§ **WHAT TO WORK ON**: A line below contains "한국도로교통공단 필기시험 합격을", and a later one contains "Na zhruba 100.km". Repeat both, with every line between them, exactly.

---- PROVIDED INFORMATION

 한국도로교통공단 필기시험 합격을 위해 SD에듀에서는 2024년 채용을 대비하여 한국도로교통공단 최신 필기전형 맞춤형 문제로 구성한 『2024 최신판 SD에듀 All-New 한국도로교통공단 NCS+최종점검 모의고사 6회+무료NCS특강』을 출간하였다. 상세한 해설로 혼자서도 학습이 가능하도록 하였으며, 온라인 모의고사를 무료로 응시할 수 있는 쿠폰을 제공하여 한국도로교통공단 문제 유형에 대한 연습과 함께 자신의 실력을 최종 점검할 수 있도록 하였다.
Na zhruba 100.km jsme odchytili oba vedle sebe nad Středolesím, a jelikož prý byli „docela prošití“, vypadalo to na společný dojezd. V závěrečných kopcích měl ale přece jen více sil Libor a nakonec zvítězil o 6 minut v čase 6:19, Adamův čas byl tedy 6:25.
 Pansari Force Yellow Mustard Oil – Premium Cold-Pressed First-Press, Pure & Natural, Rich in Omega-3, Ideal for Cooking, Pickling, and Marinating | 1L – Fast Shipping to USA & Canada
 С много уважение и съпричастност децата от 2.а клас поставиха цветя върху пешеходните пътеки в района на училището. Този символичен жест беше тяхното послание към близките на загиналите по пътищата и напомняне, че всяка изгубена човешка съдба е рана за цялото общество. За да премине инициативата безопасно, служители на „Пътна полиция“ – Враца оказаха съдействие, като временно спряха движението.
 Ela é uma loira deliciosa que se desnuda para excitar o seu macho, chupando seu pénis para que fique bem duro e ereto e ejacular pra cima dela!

--------
---- PROVIDED INFORMATION

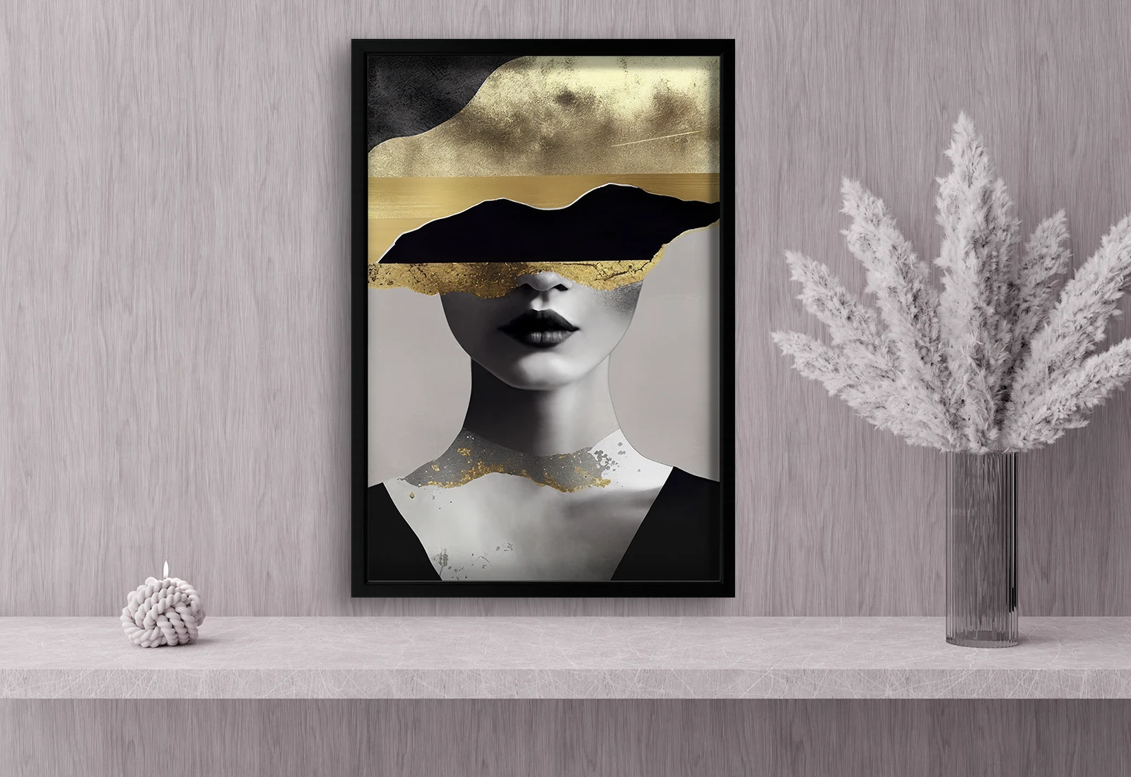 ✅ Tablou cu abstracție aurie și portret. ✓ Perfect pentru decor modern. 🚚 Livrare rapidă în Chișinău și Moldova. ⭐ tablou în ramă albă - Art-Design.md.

--------
---- PROVIDED INFORMATION

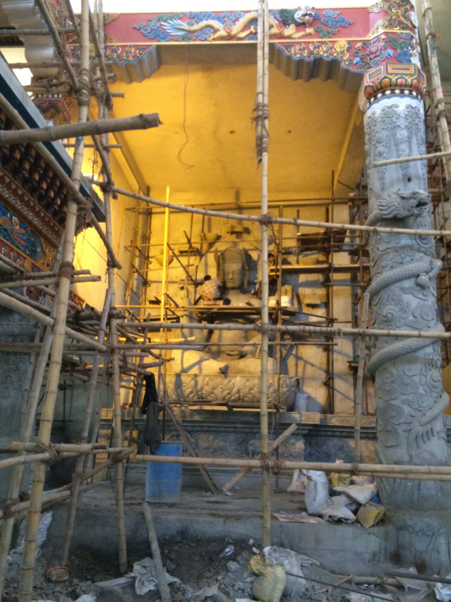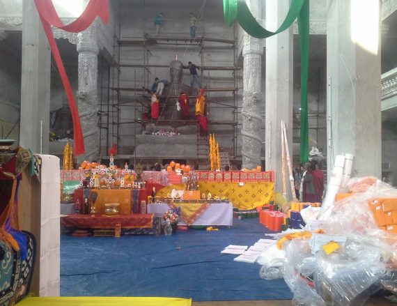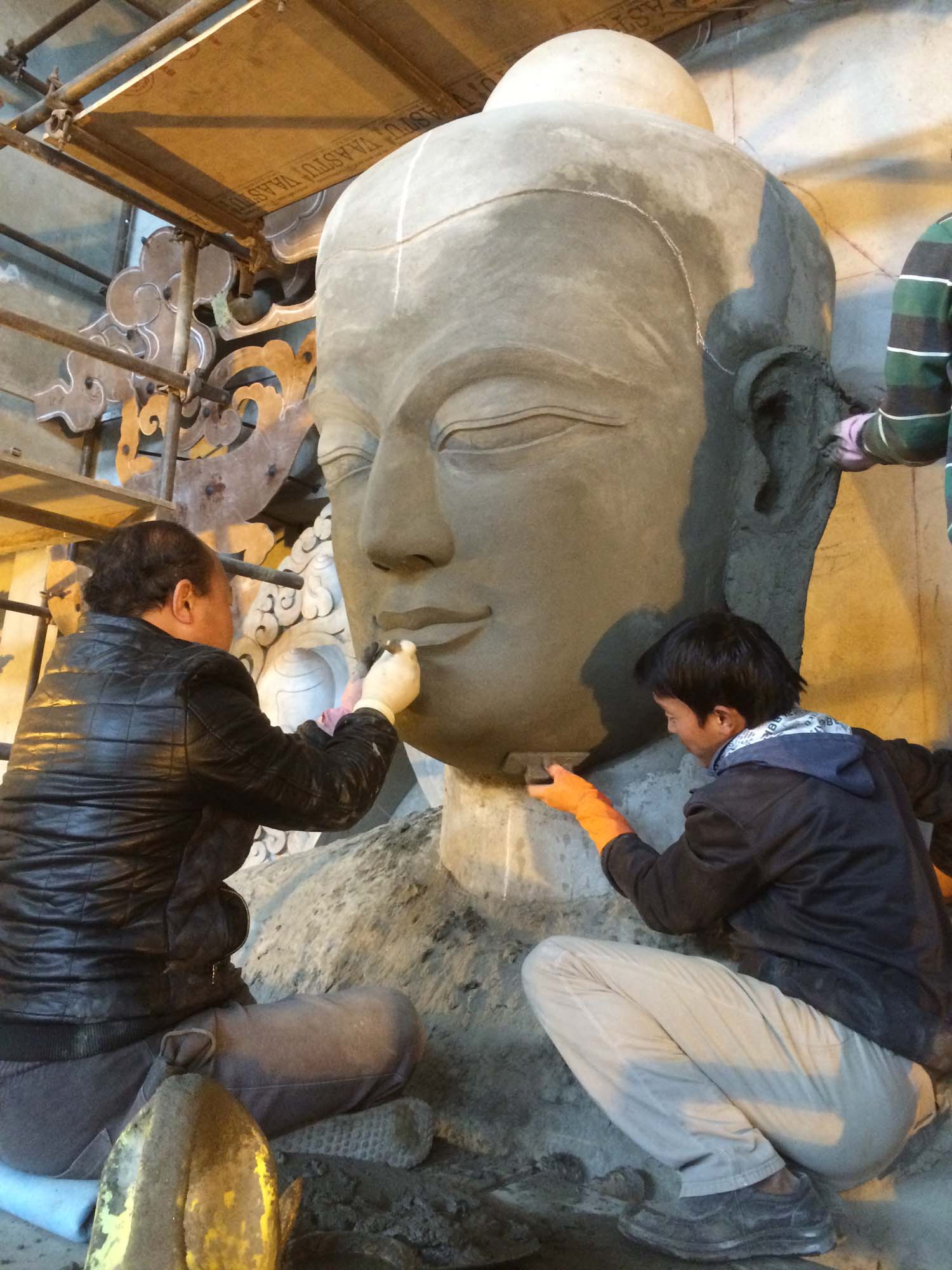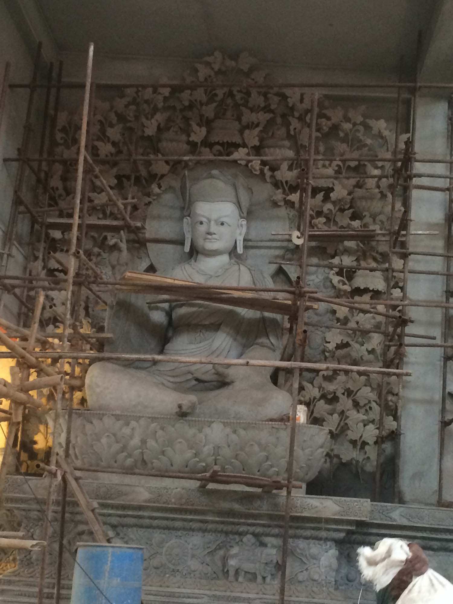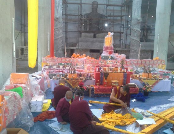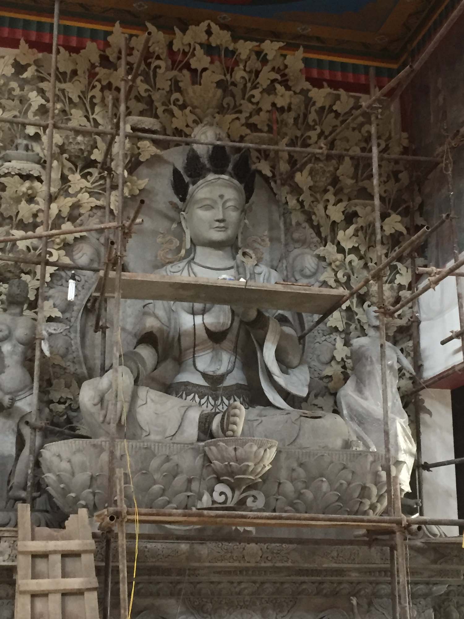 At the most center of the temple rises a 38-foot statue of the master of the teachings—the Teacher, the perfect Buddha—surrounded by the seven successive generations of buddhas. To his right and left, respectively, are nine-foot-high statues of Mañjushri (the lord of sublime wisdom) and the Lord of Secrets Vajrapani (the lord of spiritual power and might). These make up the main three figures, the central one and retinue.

--------

§ **RESULT OF THE EXERCISE**:
 한국도로교통공단 필기시험 합격을 위해 SD에듀에서는 2024년 채용을 대비하여 한국도로교통공단 최신 필기전형 맞춤형 문제로 구성한 『2024 최신판 SD에듀 All-New 한국도로교통공단 NCS+최종점검 모의고사 6회+무료NCS특강』을 출간하였다. 상세한 해설로 혼자서도 학습이 가능하도록 하였으며, 온라인 모의고사를 무료로 응시할 수 있는 쿠폰을 제공하여 한국도로교통공단 문제 유형에 대한 연습과 함께 자신의 실력을 최종 점검할 수 있도록 하였다.
Na zhruba 100.km jsme odchytili oba vedle sebe nad Středolesím, a jelikož prý byli „docela prošití“, vypadalo to na společný dojezd. V závěrečných kopcích měl ale přece jen více sil Libor a nakonec zvítězil o 6 minut v čase 6:19, Adamův čas byl tedy 6:25.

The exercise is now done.